Collision avoidance. This I had left applying to all pairs, including adjacent (similar) ones. When any two nodes came within
MIN_WORLD_SEP = 50world units of each other, a force pushed them apart, including my most similar posts.
The collision term was added to prevent visual overlap, which makes sense for unrelated nodes. But for two posts with 95% similarity, being physically close is exactly what we want. The collision force was directly fighting the spring that was trying to bring them together.
The fix was one line:
// before: collision avoidance for all pairs
if (dist < MIN_WORLD_SEP)
force += (MIN_WORLD_SEP - dist) * 8 * alpha;
// after: collision only between non-adjacent pairs
if (!adjMatrix[i][j] && dist < MIN_WORLD_SEP)
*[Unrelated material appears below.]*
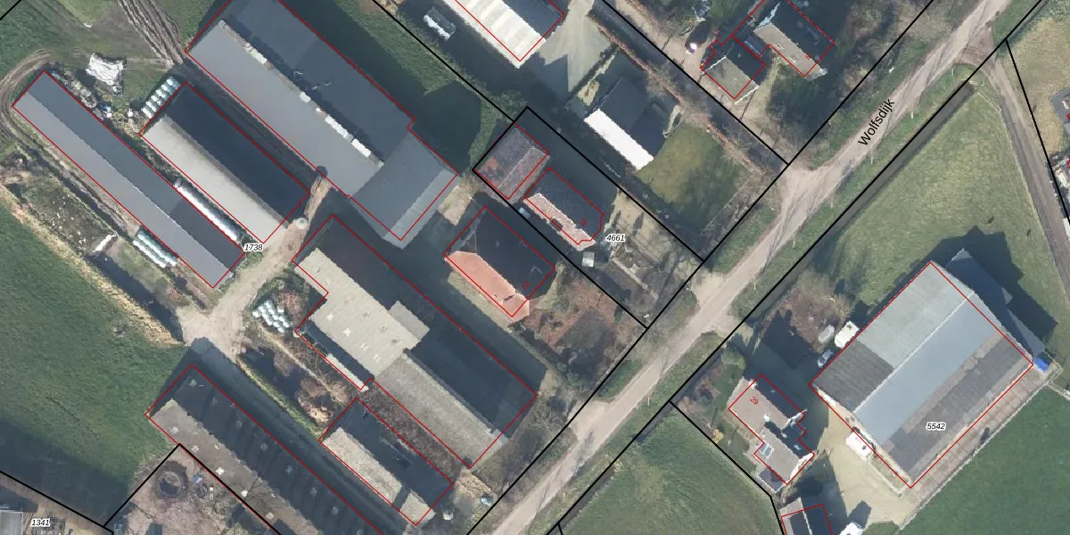 Het perceel waarop Wolfsdijk 12 staat heeft een oppervlakte van 1,2 ha. Dit is een zeer groot perceel. De perceeloppervlakte wordt geregistreerd door het Kadaster. Gedetailleerde informatie over de maten van dit perceel kunt u vinden in het rapport Kadastrale kaart met maatvoering van Wolfsdijk 12.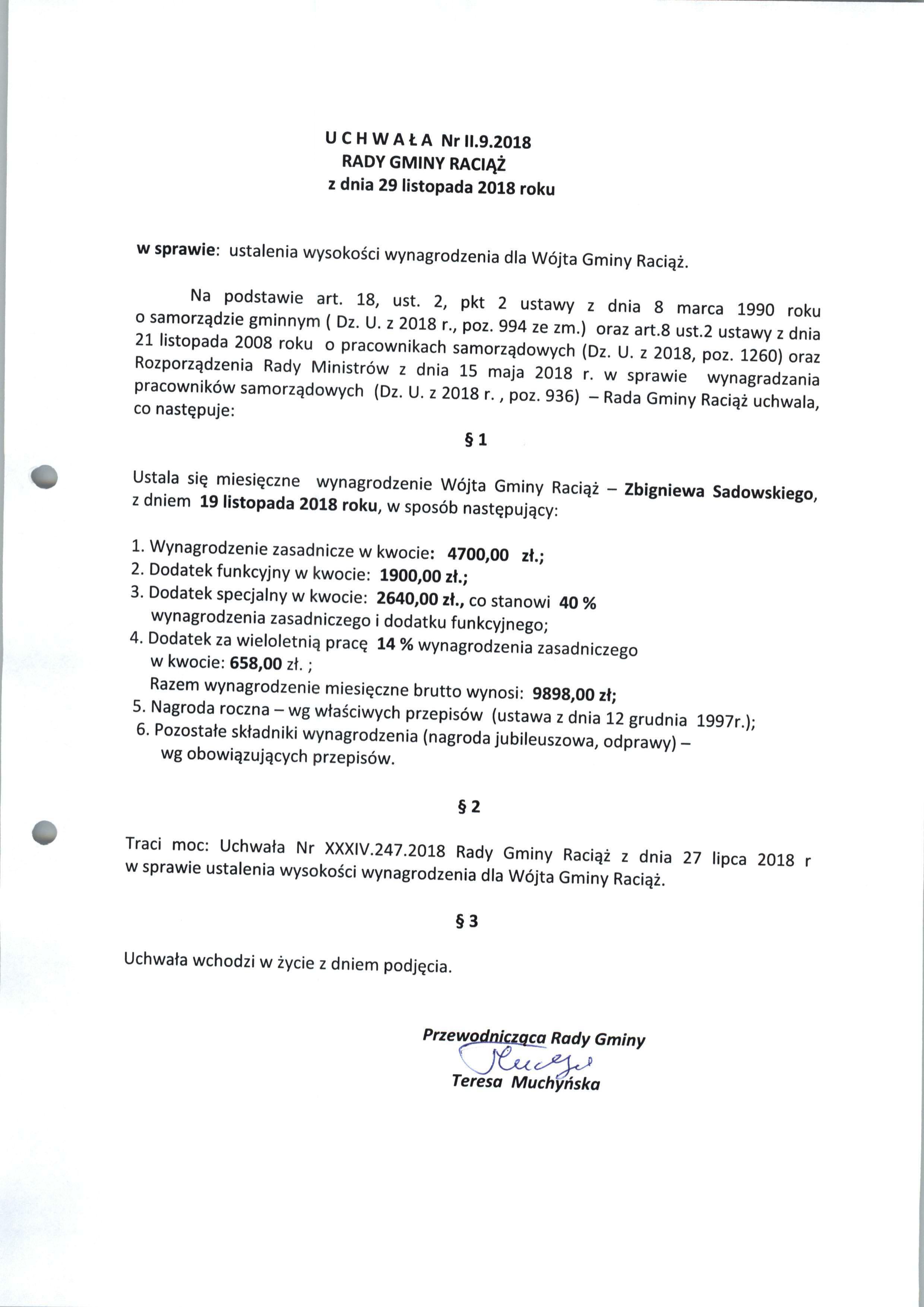 Uchwała Nr.II.9.2018 RADY GMINY RACIĄŻ z dnia 29 listopada 2018 roku

force += (MIN_WORLD_SEP - dist) * 8 * alpha;
Adjacent nodes, those sharing an edge, no longer have anything stopping them from reaching their spring rest length. The rest length for sim ≈ 95% is essentially MIN_SEP, nearly touching. Non-adjacent nodes still collide with each other, preventing unrelated circles from piling up.
With this change, the graph finally formed visible clusters. Posts about similar topics pulled into groups. The physics was doing what the physics should do.
What the Final System Looks Like
The final result is a live 2D canvas simulation graph. Posts are circles with their cover images clipped into them. Edges are drawn with width and opacity proportional to similarity, normalised over the actual min/max range in the current data so the visual contrast is always maximised.
On load, 700 steps of physics run synchronously to find the initial layout, then the loading overlay drops to reveal an already-settled graph. The simulation stays alive: grabbing a node wakes the physics, connected posts visibly react, and the system re-settles a second or two after you let go.
The key insights, in order of discovery:
- Alpha cooling is the correct tool for settling a spring simulation. Damping alone is not enough, because constant forces can always overcome constant damping.
- The averaging effect is fundamental to spring layouts. Exponential stiffness can tilt the balance but cannot fully overcome it.
- Collision avoidance between similar nodes was the hidden culprit. Removing it for connected pairs was the change that finally allowed clusters to form.
It is often the thing you did not add intentionally, the safety mechanism that seemed obvious at the time, that turns out to be the constraint you needed to remove.